Except in respect to shortages of Bank’s currency which are determined to be the result of ATM hardware or software malfunction, Couriers shall be responsible for any shortage or loss of Bank’s currency, resulting from embezzlement or theft by any third party or employee or agent of Couriers, from any act of God or insured peril, from any terrorist act, from any mysterious unexplained disappearance or from any other cause, whether known or unknown; and Couriers shall reimburse Bank for any such shortage or loss. Such reimbursement shall be made forthwith upon notice by Bank to Couriers of any such shortage or loss.
(Courier Agreement ¶ 3.) Thus, as a part of the . Courier Agreement, NECD- and IMS were required to maintain insurance for the services they provided to Domestic Bank:
At all times while Couriers are providing services to Bank as herein set forth, Couriers shall maintain insurance with coverage in amounts and with deductibles as are set forth in the schedule of*413 insurance which is Exhibit A attached hereto and made a part hereof or with such other carriers, with such higher amounts of coverage and/or such other deductibles as Bank may require from time to time hereafter. In all such insurance, Bank will be named as. loss payee. Each insurance policy shall require not less than 30 days advance notice to Bank of cancellation of the policy and, if available to Couriers, with not less than 30 days advance notice of non-renewal of such policy. The term non-renewal shall include non-renewal by Couriers as well as by the insurance carrier. The insurance carrier or Couriers’ agent shall provide to Bank each year a certificate evidencing the existence of such insurance forthwith upon renewal thereof.
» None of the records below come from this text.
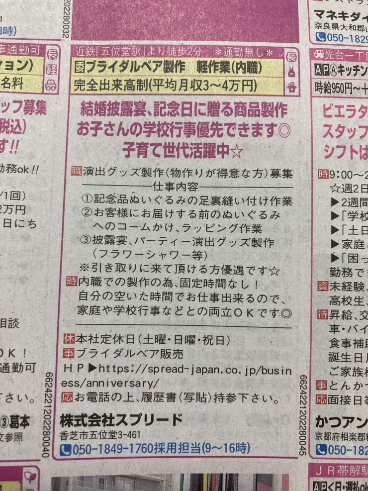 仕事内容は記念品ぬいぐるみの足裏縫い付け作業、届ける前のぬいぐるみへのコームかけ・ラッピング作業、披露宴・パーティー演出グッズ製作(フラワーシャワー等)となります。引き取り可能な方には優遇があります。
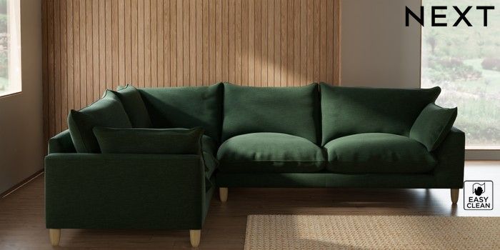 7.2.10 Buy Noa Deep Relaxed Sit Large Corner Sofa - Left Hand Fine Chenille Easy Clean Mid Khaki Green High Leg - Light from the Seasons online shop Click here to use our website with more accessibility support, for example screen readers
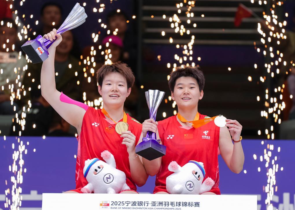 在2025亚洲羽毛球锦标赛女子双打决赛中,刘圣书(左)/谭宁夺得冠军。新华社记者 孙非 摄
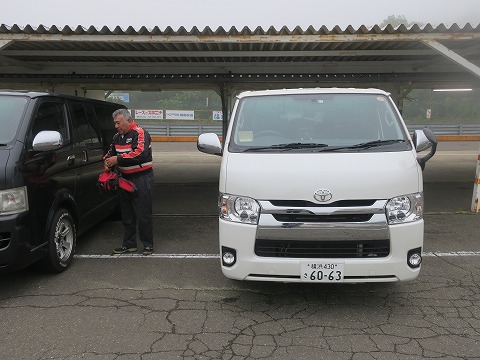 9:59 走るんだぁ~ バイクの準備ができたところでカッパを着込んで走る準備。 霧雨で走る気が全然ない岩井さんがやってきて、 「走るんだぁ~。」って感じで眺めてます。(笑) ※ 写真はアイスエイジさんが撮影。 |
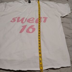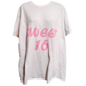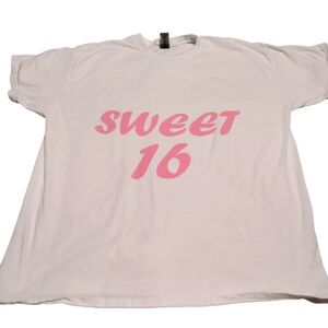 Gildan tee with 'Sweet 16' in pink. Soft and stylish.

(Id. ¶ 2; see also Am. Compl. ¶¶ 21-24.)
B. The Courier Risks Policy
In February 2006, NECD purchased an insurance policy underwritten by Defendants, insuring NECD for certain courier risks (the “Courier Risks Policy”). (See Am. Compl. ¶¶ 26-29; Courier Risks Policy, Ex. C to Am. Compl.) This policy included coverage for the embezzlement of funds by NECD employees:
Notwithstanding any thing [sic] herein contained to the contrary, it is noted and agreed that: The Insured property is also covered against loss caused by dishonesty and/or embezzlement committed by any employees of the Assured provided that such losses are discovered within 30 (thirty) days of their occurrence ...
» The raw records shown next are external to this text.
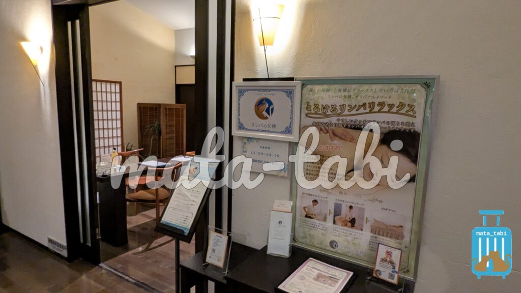 大浴場エリアの入口横には”リンパの女神“というスパサービスも用意されています。
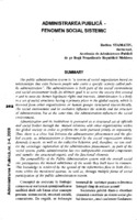 Administrarea publică - fenomen social sistemic The public administration system is "a system of social organization based on relationships that exist between people who carry a specific activity called pub lic administration ". The administration is both part of the social environment and social environment itself. Its ultimate goal is to serve the society that created it and to meet the human legitimate rights and interests. Administration is a body in a set of social structures having a primary place in the global society, which is inserted from other organizations or human groups structured hierarchically, lie social environment and its evolution influence the activity and the structure of Administration, but at the same time, the Administration influences the social environment. Administration and its institutions is presented as a structured set of ojficials and social bodies through the mutual relations with other organizations within the global society in order to perform the tasks pursued jointly or separately. Thus, there is a close link between the administrative phenomenon and the global society, as Administration is determined by the social organization whose demands it meets, as well as the collective behavior, and, therefore, we can real ize the sociologic explanation of the administration phenomenon. As part of the social system, public administration has two indispensable essential components and namely: the structural-organic and the functional elements. The compatibility of the Public Administration system with the overall social one presupposes the mutual admittance of the needs they both have in common. Tliis knowledge is achieved by the spread of the information flow in both direclions within the mentioned systems, as well as, through multiple forms of social participation of the public administration system.
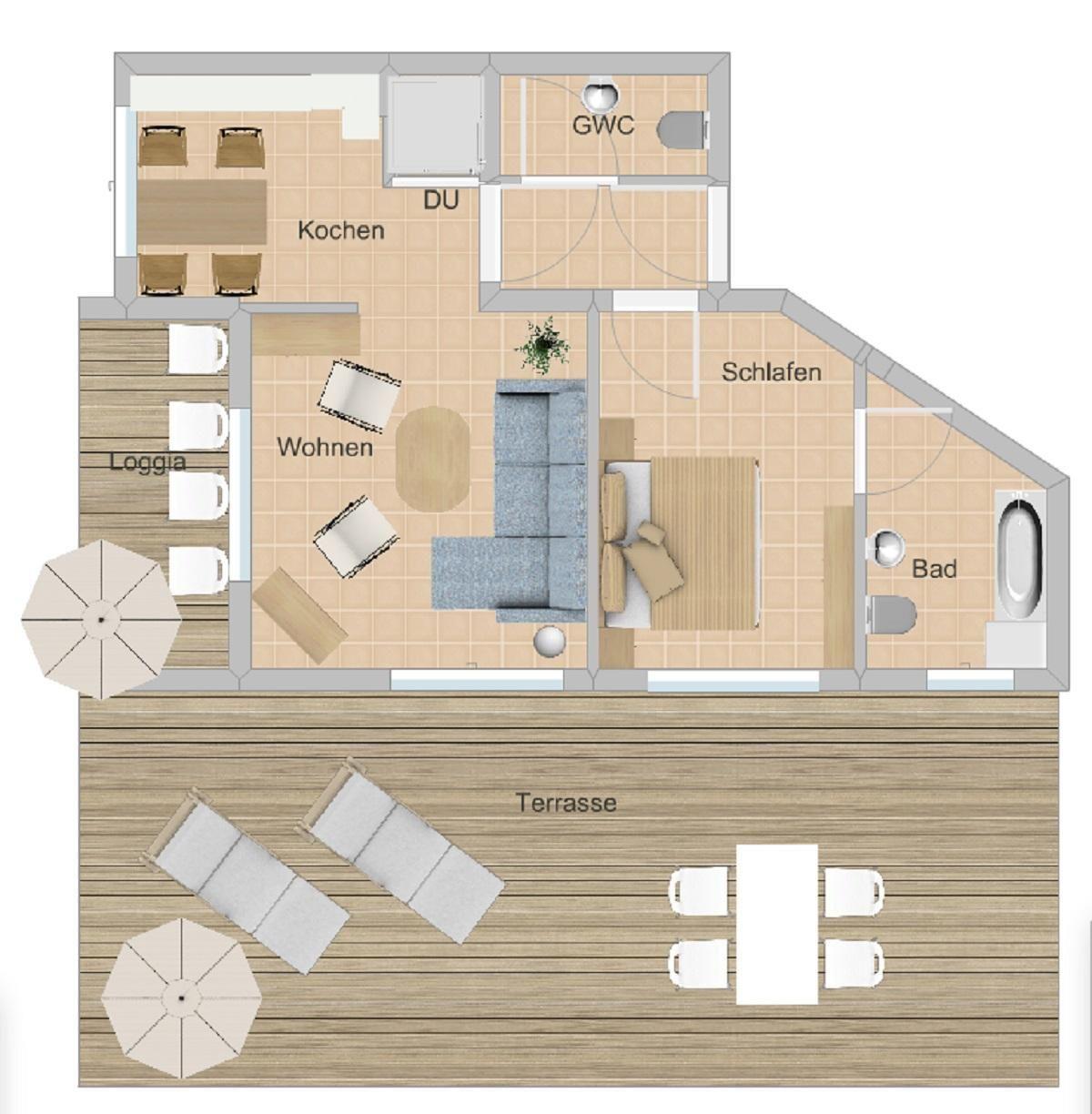 Jedes der acht anspruchsvoll möblierten 4-Sterne Ferienwohnungen verfügt über mindestens ein separates Schlafzimmer, eine hochwertige Küche, ein komfortables Duschbad, eine Loggia, Balkon oder Terrasse (teilweise sogar mit Meerblick!) sowie über einen Garagenstellplatz ( gegen eine Gebühr ). Die ideale Ferienwohnung für zwei Personen.

(Courier Risks Policy; see also Am. Compl. ¶ 29.) In April 2006, a Loss Payment Rider was added to the Courier Risks Policy, which identified Domestic Bank as a potential designated loss payee:
In the event that the insured is entitled to any payment under this policy, it is agreed that the insured may designate, in writing, a customer to whom the payment or any part thereof shall be made. It is further understood and agreed that insured’s designee has no rights under the contract of insurance. The only right conferred is the right to receive direct payment in accordance with this rider but in no event shall payments made under this policy exceed the applicable coverage limit.
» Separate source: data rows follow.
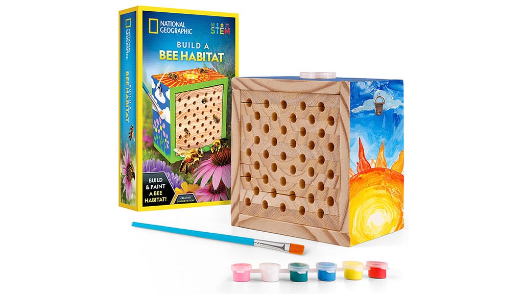 Il Blue Marble National Geographic Set Creativo per la Costruzione dell’Habitat delle Api Solitarie contiene tutto ciò di cui i bambini hanno bisogno per costruire una solida casa per le api solitarie. Le famiglie possono assemblare facilmente la casetta in legno con l’aiuto di un cacciavite (non incluso nel set). Successivamente, con le vernici, il pennello e gli adesivi inclusi, possono decorare il set a piacere, così ognuno può creare un hotel per api unico e colorato. Quando l’habitat è pronto e ben decorato, i bambini possono appenderlo all’aperto e osservare come le api solitarie si trasferiscono nella loro nuova casa. Il set include anche un diario di osservazione, dove i bambini possono annotare il comportamento delle api, le loro osservazioni e persino disegnare la vita quotidiana delle api. Questo set non solo è divertente, ma educa anche alla consapevolezza ambientale, sviluppando al contempo la manualità e la creatività.
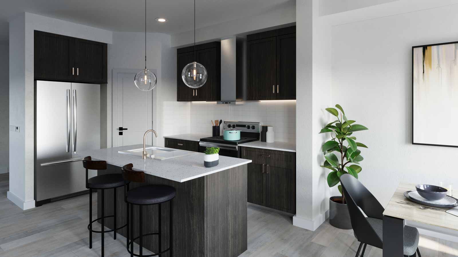 This 3-bedroom, 2.5-bathroom 1400 sq. ft. home features laundry on the upper floor, with the primary bedroom having a walk-in closet and ensuite.
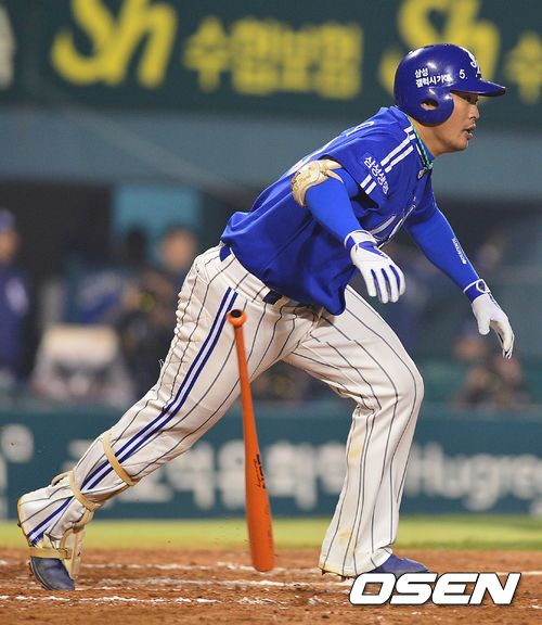 29일 오후 서울 잠실구장에서 열린 '2013 한국야쿠르트 세븐 프로야구' 한국시리즈 5차전 두산 베어스와 삼성 라이온즈의 경기, 6회초 삼성 공격 1사 2, 3루 상황 박한이가 2타점 우전 적시타를 날리고 있다.
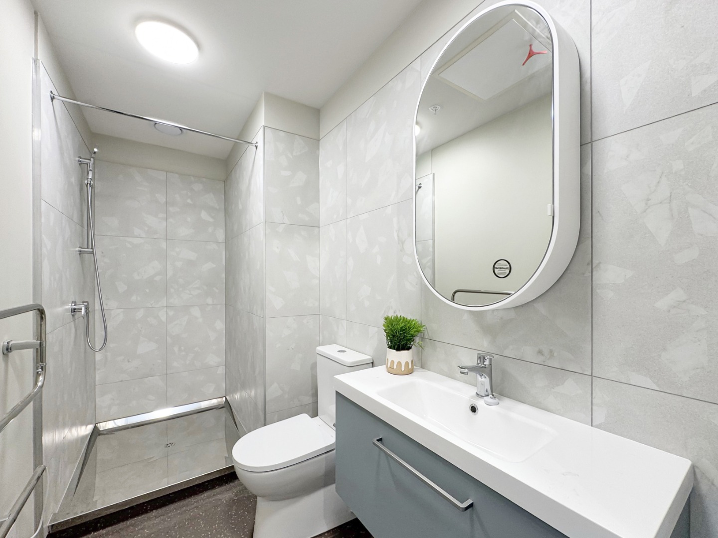 – One bathroom with tiled bath and quality fixtures.
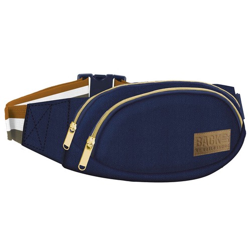 Torba wykonana z płótna bawełnianego w kolorze granatowym z najmodniejszym paskiem w paseczki w odcieniach szarości, bieli i złotego brązu wykończona złotymi zamkami.
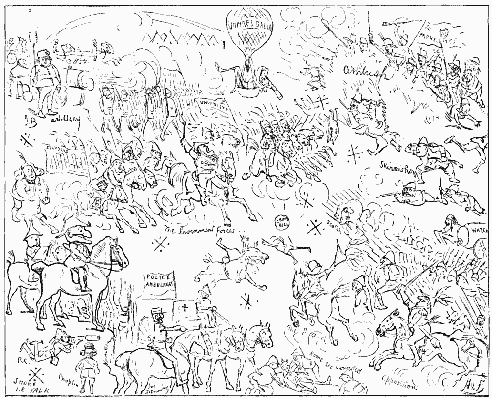 Lord R. Ch-rch-ll (hastily). Ah, well; then we'll shelve that subject too for the present. Wouldn't you—er—like—er—to go into the Lords, and lead them?

(Loss Payment Rider, Ex. D to Am. Compl.; see also Am. Compl. ¶ 30.) A Cancellation Clause was also added, stating: “It is understood and agreed that this policy may be cancelled by either side subject to 30 days[’] notice in writing to Domestic Bank.” (Cancellation Clause, Ex. E to Am. Compl.; see also Am. Compl. ¶ 31.) In July 2006, an Armored Car Cargo Liability Policy endorsement was also included as a part of the Courier Risks Policy. (See Armored Car Cargo Liability Policy, Ex. F to Am. Compl.; see also Am. Compl. ¶¶ 32-34.)
On September 26, 2006, Domestic Bank contacted the overseas broker for Defendants requesting additional clarification regarding NECD’s coverage under the Courier Liability Policy. (See Am. Compl. ¶ 35-37; Ex. G to id.) Specifically, Domestic Bank inquired as to the nature of the coverage for losses arising from employee malfeasance:
The policy specifically states that there is coverage for acts or omissions of the insured or any of its employees. Thus, I would assume that there is coverage under this policy for theft of Domestic Bank’s money by an employee of NEC[D] and the condition of 30 days’ •notice is not applicable in this policy.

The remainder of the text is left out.